What needs to be done - Transcribe word for word the lines below from the line with "Carel Fabritius; Het" through the line with "Door recensenten wordt", ends included.

Supplied data -
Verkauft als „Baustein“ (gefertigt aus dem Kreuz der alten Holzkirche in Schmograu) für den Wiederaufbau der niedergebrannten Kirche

---

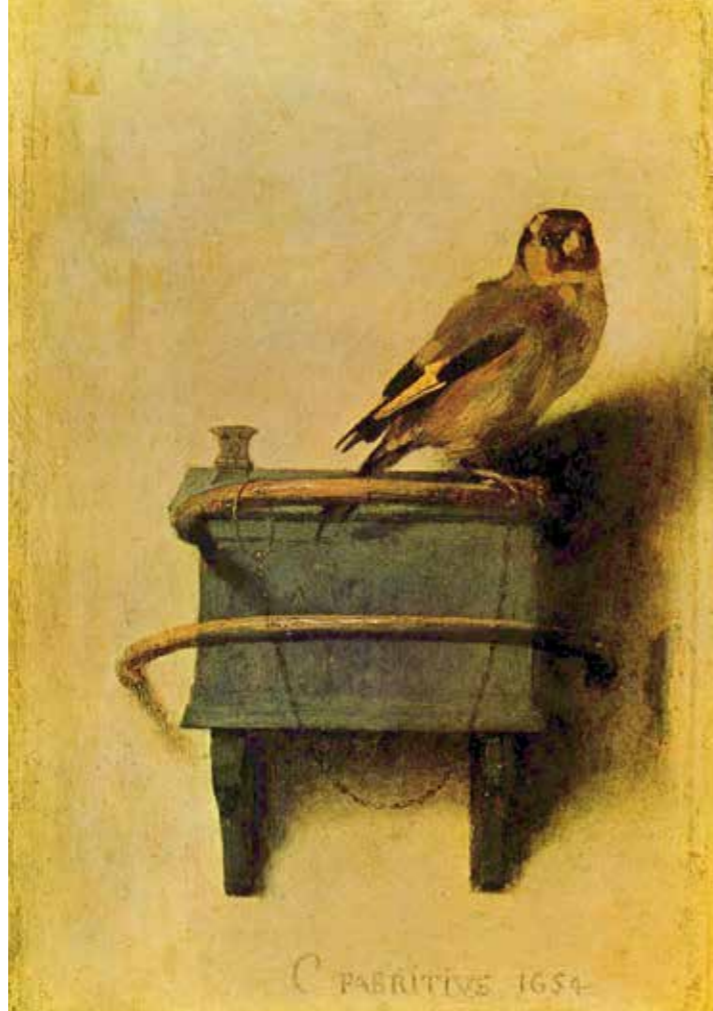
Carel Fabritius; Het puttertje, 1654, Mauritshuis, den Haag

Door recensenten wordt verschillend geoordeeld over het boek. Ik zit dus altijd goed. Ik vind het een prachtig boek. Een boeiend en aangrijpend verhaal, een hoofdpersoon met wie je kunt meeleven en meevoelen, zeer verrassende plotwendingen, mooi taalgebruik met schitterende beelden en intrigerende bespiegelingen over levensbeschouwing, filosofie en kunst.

Written solution -
Carel Fabritius; Het puttertje, 1654, Mauritshuis, den Haag

Door recensenten wordt verschillend geoordeeld over het boek. Ik zit dus altijd goed. Ik vind het een prachtig boek. Een boeiend en aangrijpend verhaal, een hoofdpersoon met wie je kunt meeleven en meevoelen, zeer verrassende plotwendingen, mooi taalgebruik met schitterende beelden en intrigerende bespiegelingen over levensbeschouwing, filosofie en kunst.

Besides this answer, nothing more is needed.